## To do
Find the line with "실행하실 수 있습니다." in the entries below, then output every line from it down to the line with "Women’s Vibrant Butterfly", exactly and with no pictures.

[[ Data for processing, beginning ]]

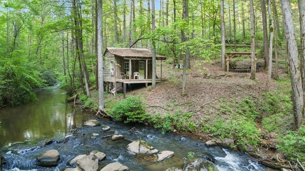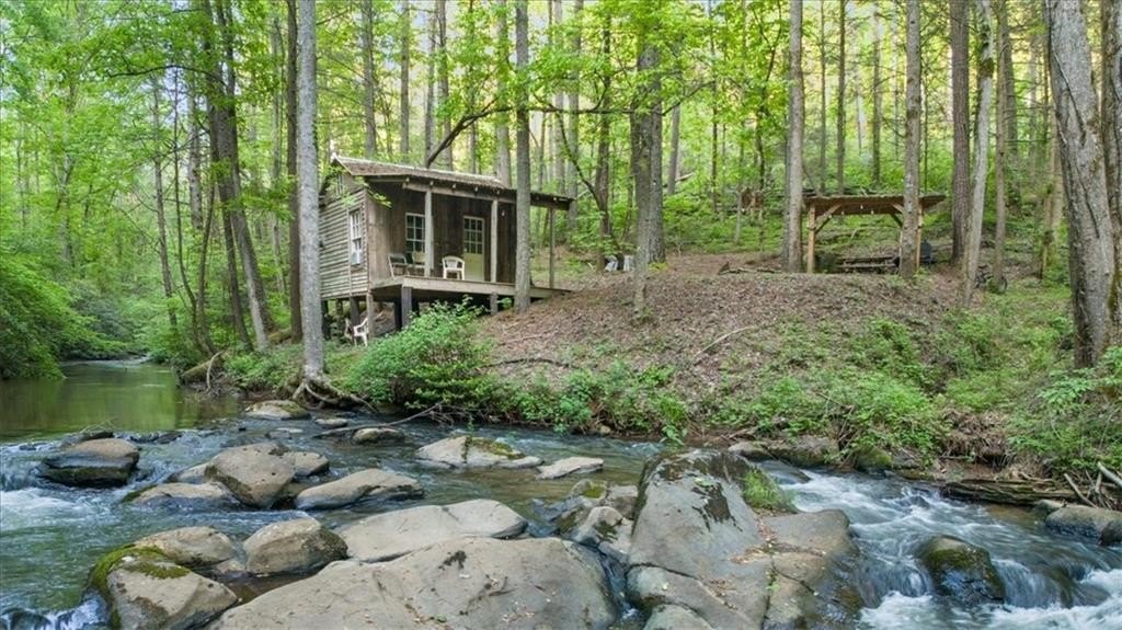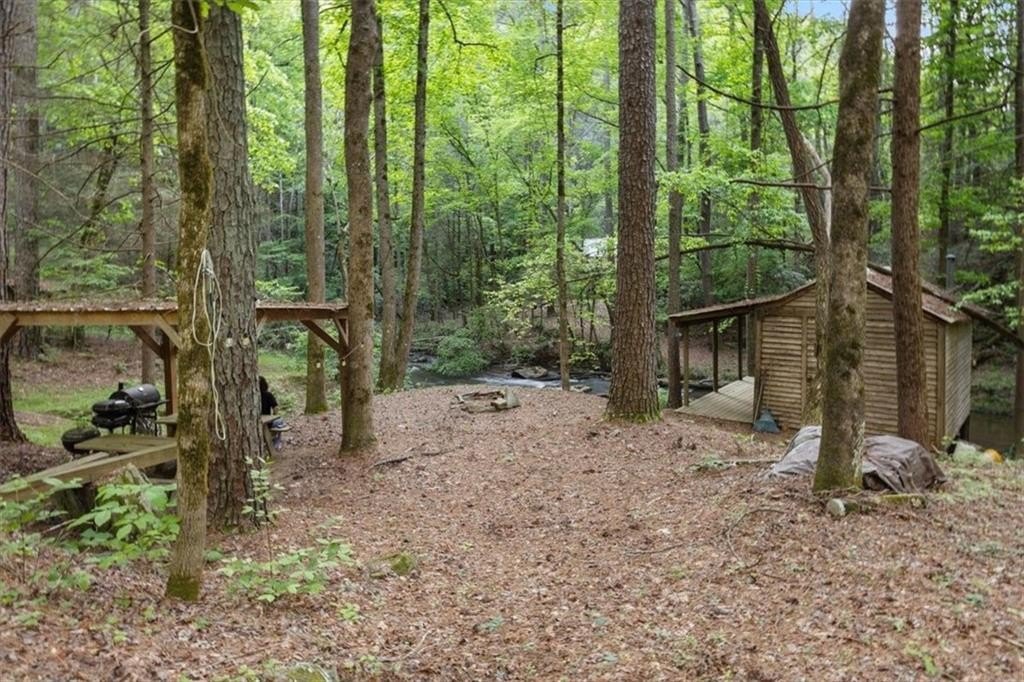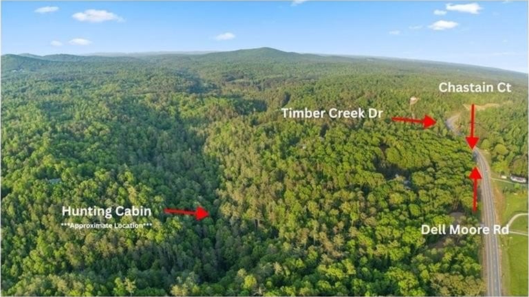 Access is easy and convenient with three separate entry points via Chastain Ct., Timber Creek, and Delmore Rd. The property features a cozy rustic cabin/shed, an outhouse, a designated picnic area, and a firepit—perfect for weekend getaways or hosting gatherings right by the creek.
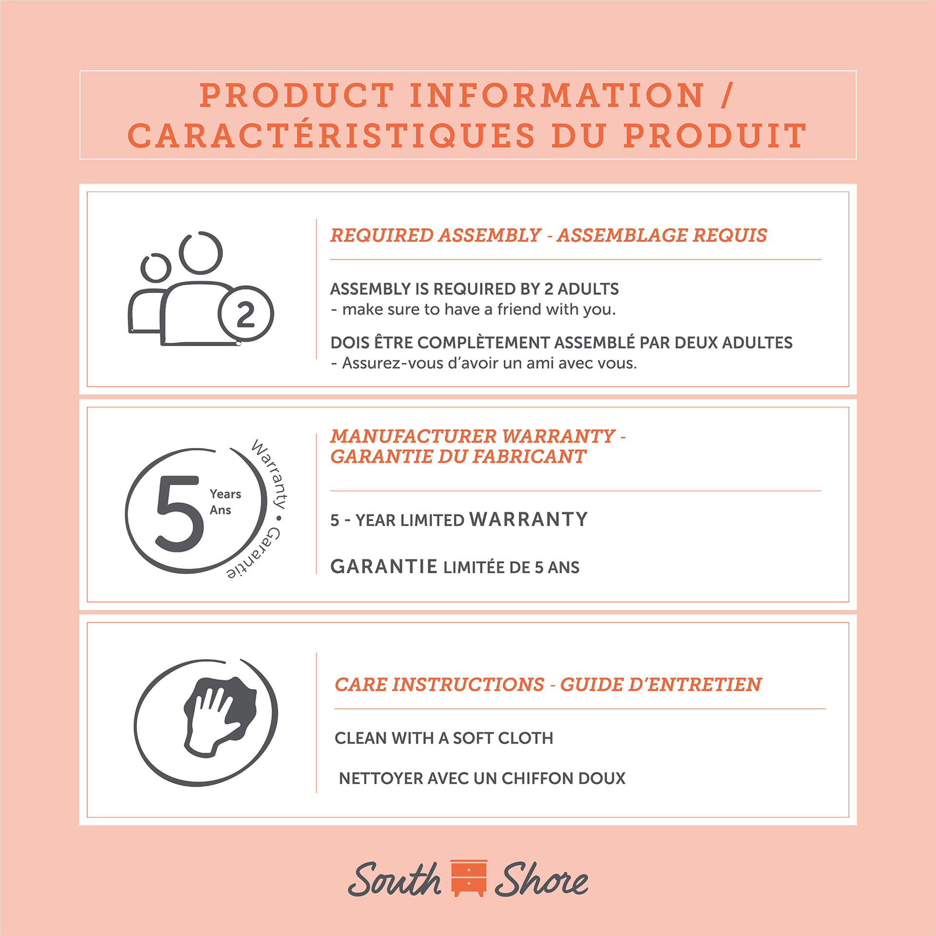 • EASY TO FOLLOW ASSEMBLY INSTRUCTION: All our products have an assembly guide with clear instructions, guiding you through each step. If you have any questions please do not hesitate to contact South Shore Furniture for immediate support. This item is shipped in 1 box, make sure to have a friend with you.
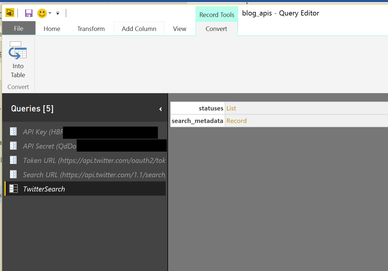 First of all, twitter connectivity via Power Query has already been blogged about a few times. The most useful post I found on it was by Chris Koester here. The script I am using later in this article is nearly identical to what I learned from his post. I will talk through the necessary script that has to be written but also focus on how you can transverse JSON data that gets returned from most modern APIs you will encounter.
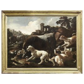 A BULL ATTACKED BY DOGS
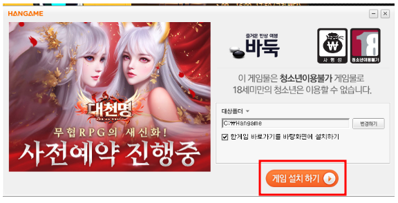 ▶ '게임 설치하기' 버튼을 클릭해주시면 바로 설치 작업이 진행되며, 조금만 기다리시면 설치가 완료되고 게임을 실행하실 수 있습니다.
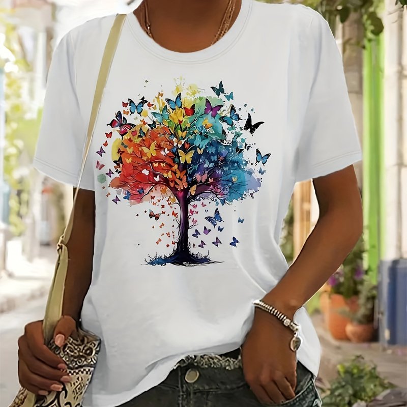 Women’s Vibrant Butterfly & Tree Graphic T-Shirt – Breathable Round Neck Short Sleeve Tee, Soft Stretch Casual Summer Top
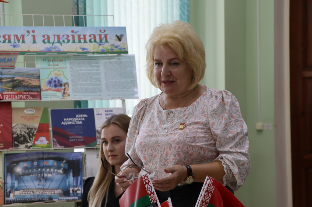 – Сегодня наша страна отмечает День народного единства. Праздник по праву является одним из главных, – сказала библиотекарь отдела маркетинга, социокультурной деятельности и методической работы районной библиотеки Мария Гуляй. – Выбор этой даты имеет историческое основание. Именно 17 сентября 1939 года стало началом воссоединения Западной и Восточной Беларуси, которые были разделены по условиям Рижского мирного договора в 1921 году.
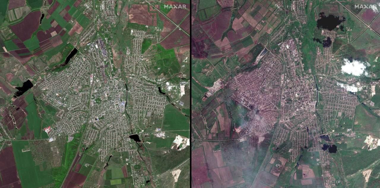 Снимки подробно показывают уровень разрушений. Компания Maxar заявила, что "районы жилых домов, школ, магазинов и другой инфраструктуры превратились в тлеющие обломки".
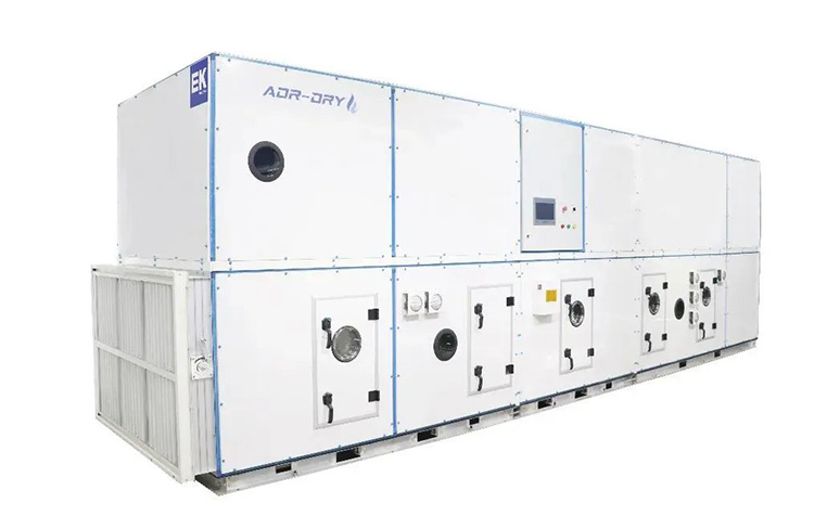 EK一體化高效轉輪除濕機 X2.0適(shì)用於低露點的工藝要求,最(zuì)低露點可達-80℃,風量範圍1500~80000CMH,可應用(yòng)於電芯烘(hōng)烤、注液、封口等工藝車間。
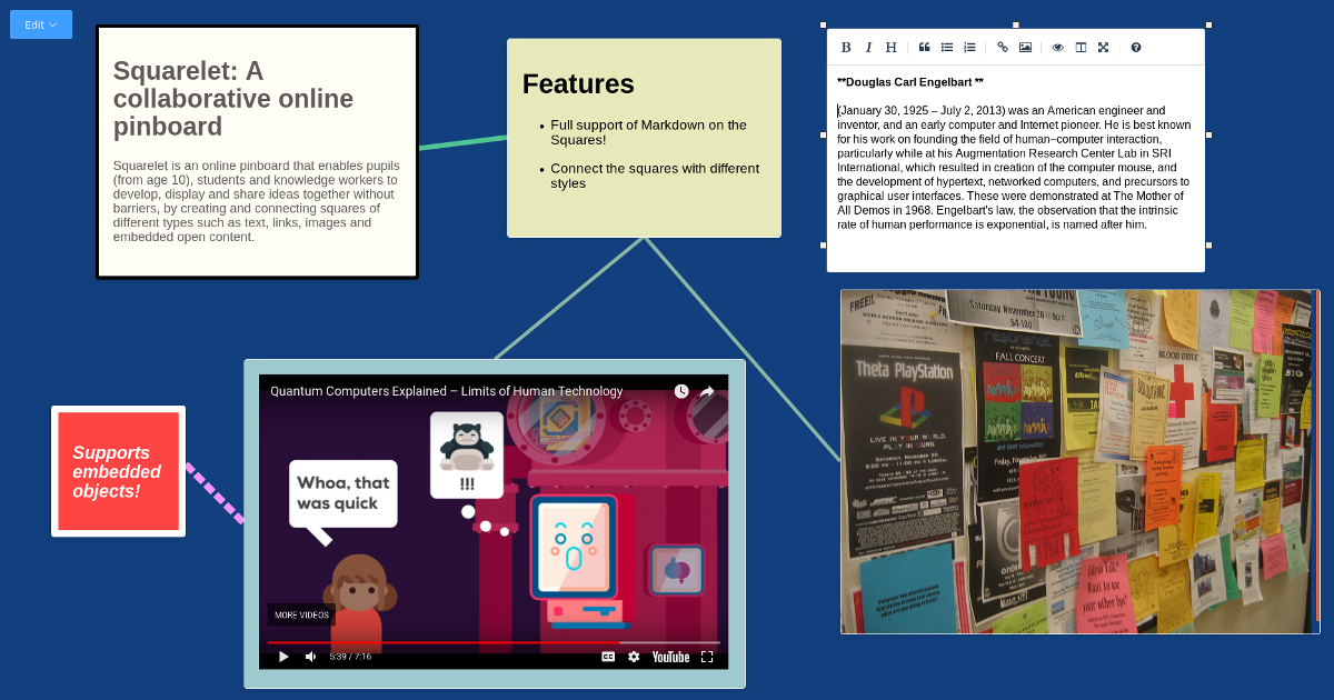 Squarelet is an online pinboard that enables pupils (from age 10), students and knowledge workers to develop, display and share ideas together without barriers, by creating and connecting squares of different types such as text, links, images and embedded open content.
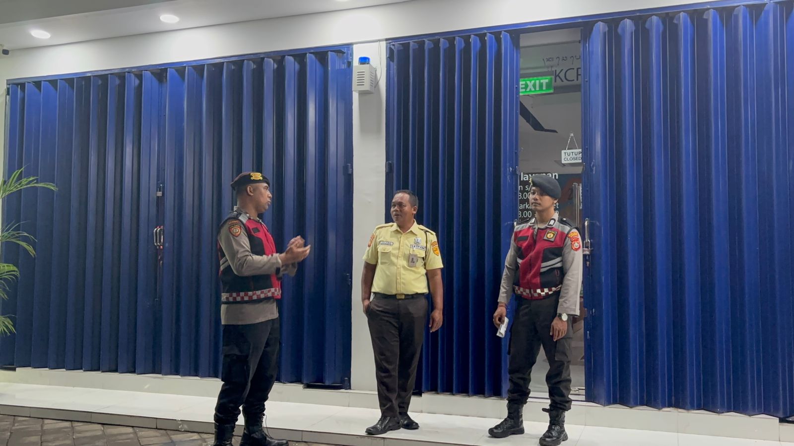 Antisipasi Gangguan Kamtibmas Pada Malam Hari, Personil Samapta Polres Bangli Lakukan Patroli Malam di Areal Pertokoan Pasar Kidul Bangli.
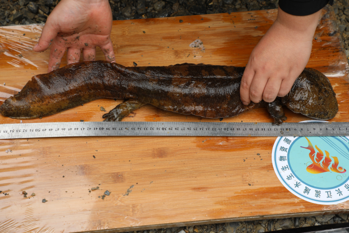 5月6日,县农业农村委在生态资源普查工作过程中,在三黛沟大鲵自然保护区意外发现一条重1.42千克、体长56公分的野生娃娃鱼并将其安全送回自然栖息地。

[[ Data for processing, end ]]

## Completed exercise
 ▶ '게임 설치하기' 버튼을 클릭해주시면 바로 설치 작업이 진행되며, 조금만 기다리시면 설치가 완료되고 게임을 실행하실 수 있습니다.
 Women’s Vibrant Butterfly & Tree Graphic T-Shirt – Breathable Round Neck Short Sleeve Tee, Soft Stretch Casual Summer Top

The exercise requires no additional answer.